10. The method of claim 1, further comprising: providing a population of nucleic acids that comprises one or more pairs of designed oligonucleotides; and, recombining the population of nucleic acids with a polymerase or a ligase, or both a polymerase and a ligase, to provide a population of recombined nucleic acids.
11. The method of claim 10, wherein the providing step comprises synthesizing a set of single-stranded oligonucleotides.
12. The population of recombined nucleic acids made by the method of claim 10.
13. The method of claim 10, wherein the method regulates recombination by maintaining genetic linkages within sequence families over distances greater than a length of any individual member of the population of nucleic acids.
14. The method of claim 10, further comprising selecting or screening an encoded polypeptide of at least one member of the population of recombined nucleic acids for at least one desired trait or property.
15. The method of claim 10, further comprising selecting at least one member of the population of the recombined nucleic acids, which member comprises the at least one desired genetic linkage.
16. The method of claim 15, wherein the selecting step comprises amplifying the at least one member using one or more nucleic acid primers that correspond to at least a portion of the at least one desired genetic linkage.
17. The method of claim 15, wherein the selecting step comprises affinity purifying the at least one member using one or more nucleic acid sequences that correspond to at least a portion of the at least one desired genetic linkage.
18. A method of designing oligonucleotides for regulated recombination, the method comprising: providing at least two parental polypeptide character strings, which character strings, when aligned for maximum identity, comprise at least one amino acid difference; providing at least one desired amino acid linkage; reverse-translating the at least two parental polypeptide character strings into at least two parental polynucleotide character strings; segmenting each of the at least two parental polynucleotide character strings into at least two overlapping oligonucleotide character strings; and, adjusting at least one overlap region of at least one pair of overlapping oligonucleotide character strings such that recombination is biased towards the at least one desired amino acid linkage to provide a selected population comprising adjusted overlapping oligonucleotide character strings.
19. The method of claim 18, wherein the at least two parental polypeptide character strings, when aligned for maximum identity, comprise at least one region of amino acid sequence similarity.
20. The method of claim 18, wherein at least one of the at least two parental polypeptide character strings corresponds to a full-length protein.
21. The method of claim 18, wherein at least one step of the method is performed in a digital system.

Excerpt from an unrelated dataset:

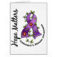 Stehen Sie für Alzheimers Krankheitsbewusstsein beim Teilen einer inspirational Mitteilung der Hoffnung mit ins Auge fallenden T - Shirts, Kleid, Waren stark, und die Geschenke, die den inspirierenden Slogan kennzeichnen, hoffen Angelegenheiten und ein auffallendes lila Alzheimers Krankheitsbewusstseinsband, das mit koordinierenBlumen und Blätter entwirrt wird.

22. The method of claim 18, wherein at least one step of the method is performed manually.
23. The method of claim 18, comprising deriving the at least one desired amino acid linkage from at least one portion of at least one of the at least two parental polypeptide character strings.
24. The method of claim 18, comprising reverse-translating at least one of the at least two parental polypeptide character strings according to a species codon-bias of a selected expression host.
25. The method of claim 18, wherein a maximum or a minimum length of at least one the overlapping oligonucleotide character strings is automatically set.
26. The method of claim 18, wherein a maximum or a minimum length of at least one the overlapping oligonucleotide character strings is manually set.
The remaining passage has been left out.